A Dyslexia Timeline – Some of the Main Events

1877 – German neurologist Adolph Kussmaul first came up with the term ‘word-blindedness’ after recognising the difficulties of otherwise very capable children when trying to read.

1887 – German ophthalmologist Rudolf Berlin went on to coin the term ‘dyslexia’ after observing that not all issues with reading were associated with vision issues.

1890s – early 1900s – British journals show that observers like Glaswegian James Hinshelwood recognised developmental dyslexia as existing in bright learners who struggled to read.[4]

1925 – Neuropsychiatrist and pathologist Samuel Orton along with educator and psychologist Anna Gillingham and teacher Bessie Stillman (poor Bessie, she often gets forgotten), worked to bring together, “neuroscientific information and principles of remediation,” and “compiled and published instructional materials.”[5]  Thanks to their work, we now have the Orton-Gillingham method which emphasises visual, auditory and kinaesthetic learning as a way to cumulatively strengthen neural pathways for reading and writing.

Since then, scientists have discovered much more about the functional systems in the brain that need support to understand language, reading and writing.
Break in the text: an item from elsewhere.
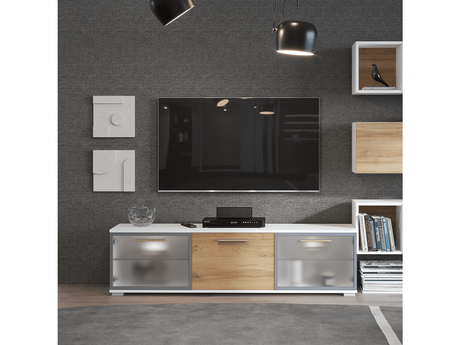 – TV komoda sa dva staklena i jednim punim krilom iz kolekcije All room concept

Dr Sally Shaywitz explains dyslexia as a complex difference, “with its roots in the very basic brain systems that allow students to understand and express language.” She, among others, advocates for the need to provide dyslexic learners with accommodations and interventions that involve systematic, cumulative and explicit instruction.

Today, we also understand much more about how dyslexia affects people in different ways. Some people see dyslexia as their ‘gift’ and the creative or problem-solving talents that can accompany dyslexia are, rightfully, a matter of pride. There are many famous and highly successful dyslexics, including Albert Einstein, Richard Branson, Pablo Picasso, Keira Knightley and Jackie French, to name but a few. For others, however, dyslexia brings with it many struggles. For some, it is not a much-loved ‘gift’ and is instead seen as a never-ending hurdle to overcome. Everyone’s journey is different.

The International Dyslexia Association points to “perhaps as many as 15-20% of the population as a whole,” as having some symptoms of dyslexia. That means that no matter what your journey with dyslexia looks like, one thing is certain: you are never alone.


[1] ‘The Invention of Cuneiform: Writing in Sumer’ (2003). Jean Jacques Galssner, Donald M Herron. JHU Press. 

[2] ‘A Brief History of English’, by Suzanne Kemmer (obtained through William Van Cleave).

[3] ‘How Writing Represents Speech’ (1993). David R. Olsen.

[4] ‘Overcoming Dyslexia’ (2020). Sally Shaywitz, M.D.